Actually, before I continue, I’ll have a bit of a rant about that. What on earth is the thinking behind ‘month/day/year’? It seems painfully obvious to me (and, I might add, most of the rest of the world) that logic dictates ‘day/month/year’. I can state precedence, Your Honour. Exhibit 14D, the digital clock display. ‘Hours/Minutes/Seconds’. Neatly in size order. I feel this American anomaly falls under the same category as persistent resistance to the metric system.
Of course, I don’t really give a stuff what star-sign I am, but a quick perusal of my horoscope can provide occasional amusement. For example, according to Paranomality.com, I am..
- helpful and gentle with the helpless (such a good samaritan, me)
- empathetic and sympathetic (well, I don’t like to brag)
- humane (Hmmm… I was talking about my ‘crisp slowly over hot coals‘ list yesterday, so perhaps not.)
- health conscious
- charming and witty (this rings particularly true, naturally…)
- critical of laziness in others (not in myself though…)
- untidy (you have no idea, believe me)
- somewhat a hypochondriac (see Of 40 degrees you say?)
It’s like they know me, it really is. (Cue barrage of comments from friends confirming second list, most notably third item therein…)

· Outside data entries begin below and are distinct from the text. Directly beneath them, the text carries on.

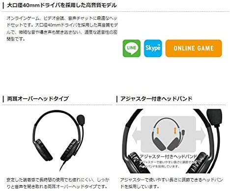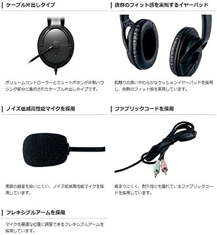 エレコム ヘッドセット マイク 両耳 オーバーヘッド 片出しケーブル 1.8m HS-HP28BK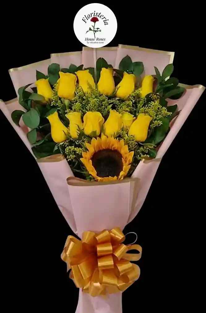 Ramo sofisticado con rosas amarillas, girasol central y follaje verde, envuelto en papel decorativo con lazo dorado. Representa amistad, alegría y buenos deseos.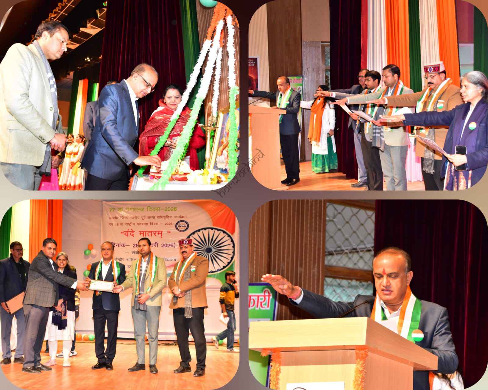 अजमेर, 25 जनवरी। गणतंत्र दिवस की पूर्व संध्या पर रविवार को जिले में 16वें राष्ट्रीय मतदाता दिवस का आयोजन मेरा भारत, मेरा वोट थीम के अंतर्गत गरिमामय रूप से किया गया। जिला स्तरीय सांस्कृतिक संध्या कार्यक्रम में मतदाता शपथ दिलाई गई तथा बच्चों के लिए मतदाता जागरूकता प्रदर्शनी का आयोजन किया गया। इसके साथ ही विशेष गहन पुनरीक्षण कार्यक्रम के अंतर्गत उत्कृष्ट कार्य करने वाले अधिकारियों एवं कर्मचारियों को सम्मानित किया गया।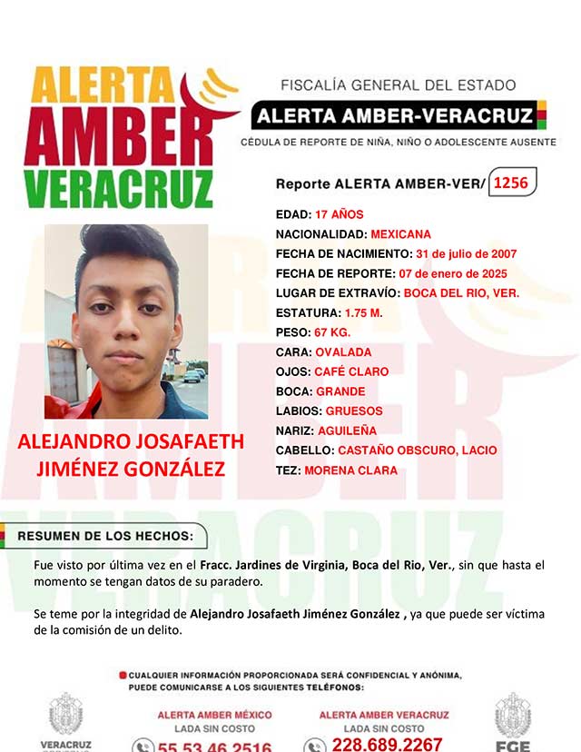 El programa Alerta Amber Veracruz, solicita su colaboración para la activación de la Alerta Amber-VER 1256 por el adolescente Alejandro Josafaeth Jiménez González, de 17 años.
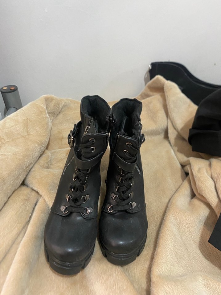 Siyah deri, dolgu topuklu, tokalı ve gotik tarzda kadın botları. Günlük kullanım için uygun, rock punk havası verir.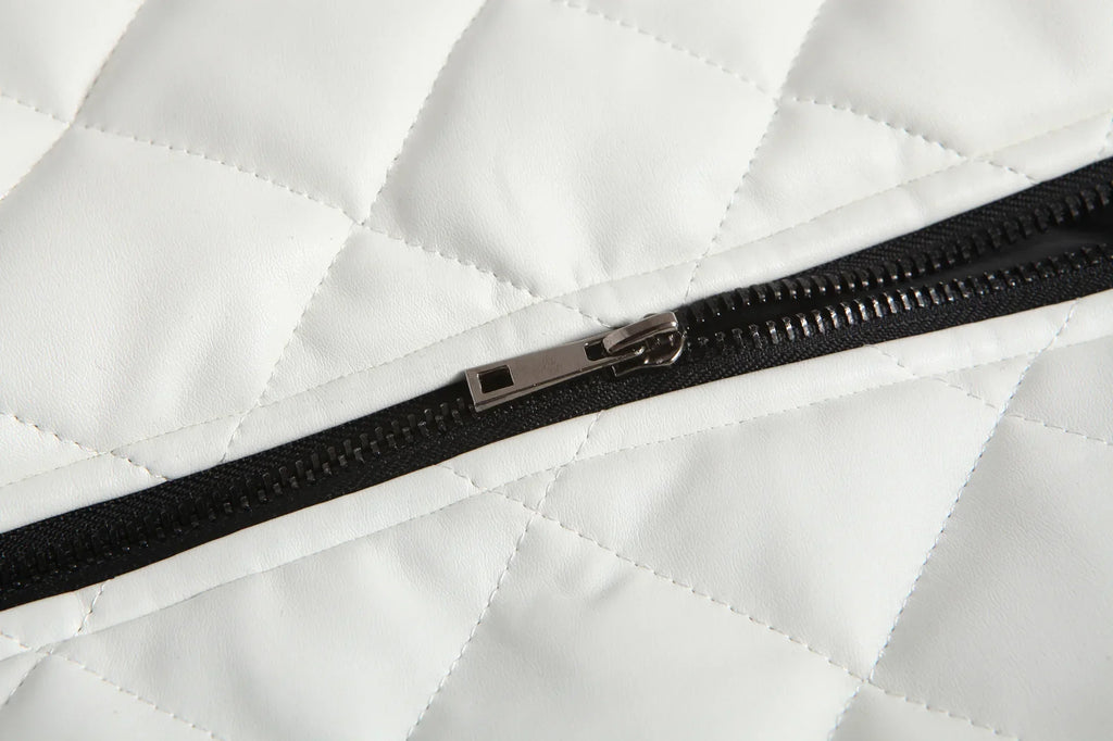 Com a Jaqueta de Couro Masculina Gola Alta Racer, você adquire uma peça que transcende as tendências. Confeccionada com couro de alta qualidade, esta jaqueta bomber apresenta punhos, barra e gola canelados para um ajuste perfeito. O design com costura de diamante e o fechamento por botões conferem um visual clássico, enquanto os bolsos laterais e o zíper adicionam um toque de praticidade moderna.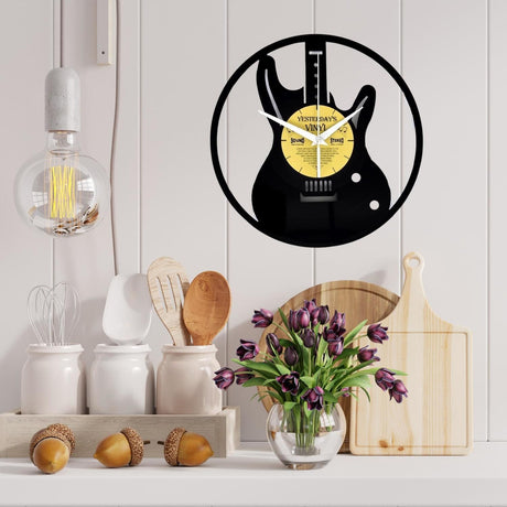 E-Gitarre Vinyl Wanduhr aus einer echten Schallplatte

The untidy thing really is quite spectacularly correct. A significant portion of my bedroom floor is currently submerged beneath over a metre of assorted detritus. I’m in the process of moving clothes out of a chest of drawers, a task which I have started with considerable aplomb. I haven’t yet decided where they are going next though, or even why they have left the draws at all.
As well as clothing spanning several geological time periods, my floor is populated by myriad items of varying worth dating back to my early childhood. These include, but are not limited to…

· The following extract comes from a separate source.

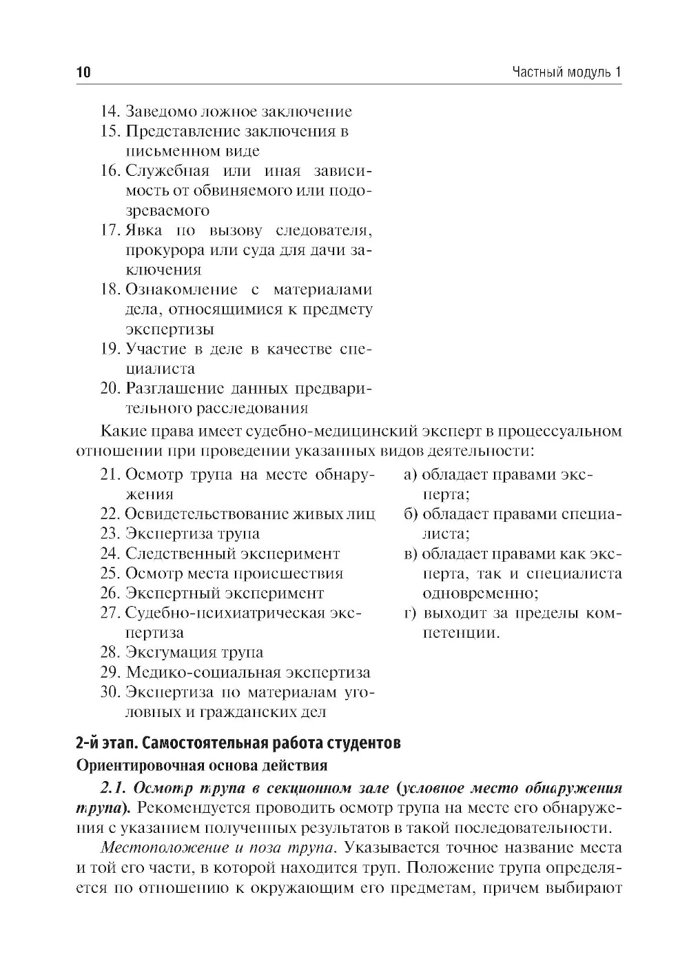 В руководстве систематизированы общие цели и конкретные задачи самостоятельной аудиторной и внеаудиторной работы студентов при изучении судебной стоматологии с выделением мотивационной характеристики каждой темы и структуры практических занятий, необходимого исходного уровня знаний, перечня приобретаемых навыков и умений, указателя изучаемых объектов, ориентировочной основы действия и примеров выполнения заданий. Учтены действующие законодательные нормы, правила и инструкции, регламентирующие производство судебно-медицинской экспертизы. Издание предназначено студентам лечебного и стоматологического факультетов медицинских вузов.| Издательство | ГЭОТАР-Медиа |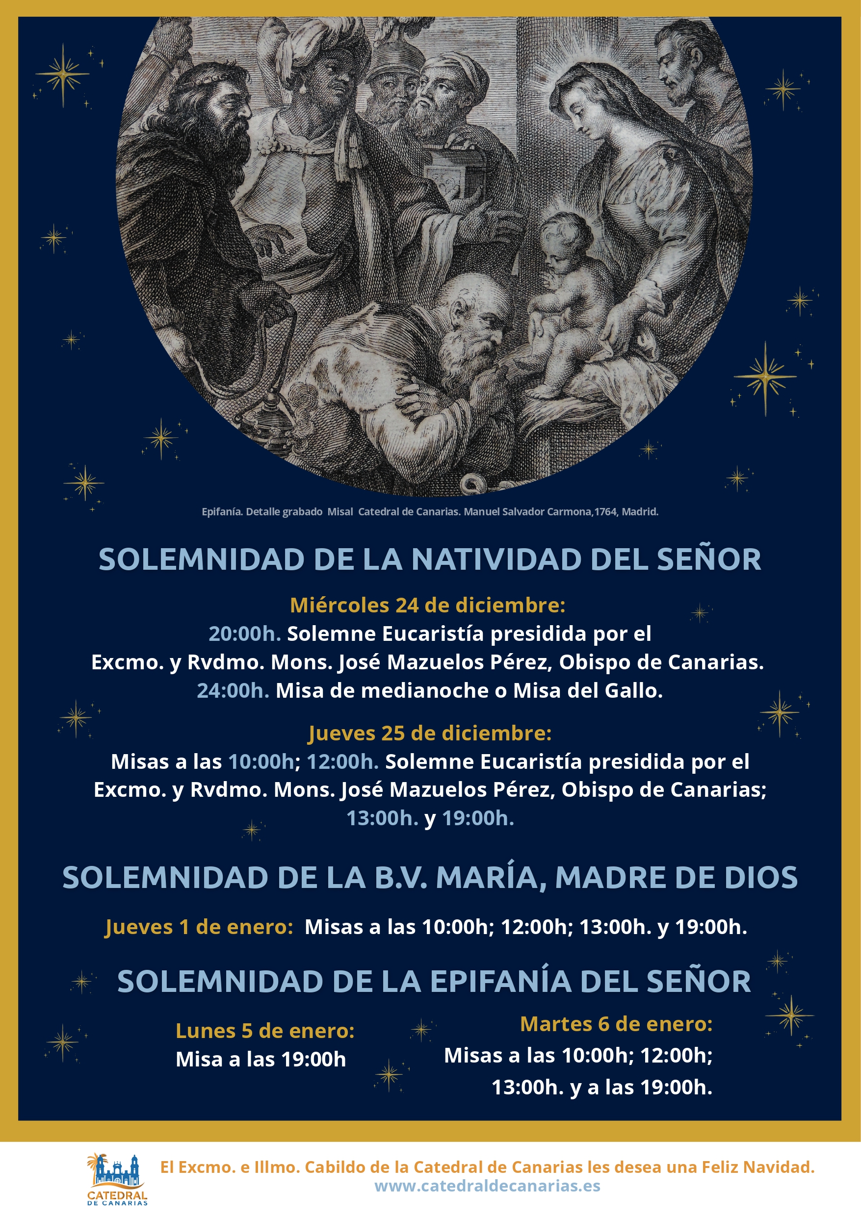 La Catedral de Canarias da a conocer los horarios de las celebraciones litúrgicas con motivo de la Navidad, la solemnidad de la Natividad del Señor, Santa María Madre de Dios y la Epifanía del Señor.

- A massive cuddly-toy ladybird (or ladybug for Americans) measuring over a metre in length that I won in a colouring competition at age 5
- A wooden sword, ‘Excalibur’, used as a prop in a school play over six years ago
- An original iMac, unused since it developed the idiosyncratic habit of wiping its own hard drive with alarming regularity
- A tennis ball with a two foot diameter
- An orange flashing light liberated from roadworks late one night many years ago
- A four foot carboard stand advertising the DVD of ‘The Fellowship of the Rings’, borrowed from a shop by my sister
My room long ago escalated completely out of control, and I am sure there are parts of my floor that have not seen the light of day since sometime in the late 1980’s. One of my earliest memories is starting to tidy this room, and the project is still ongoing. A couple of years ago I started decorating it too, and eighteen months ago the wallpaper was removed. The sight of bare plaster is beginning to grow on me.
Good grief, this post is huge. I’d better stop now, for fear of wasting too much of your precious time. I’m sure you have things you ought to be getting on with. Go and mow the lawn or something.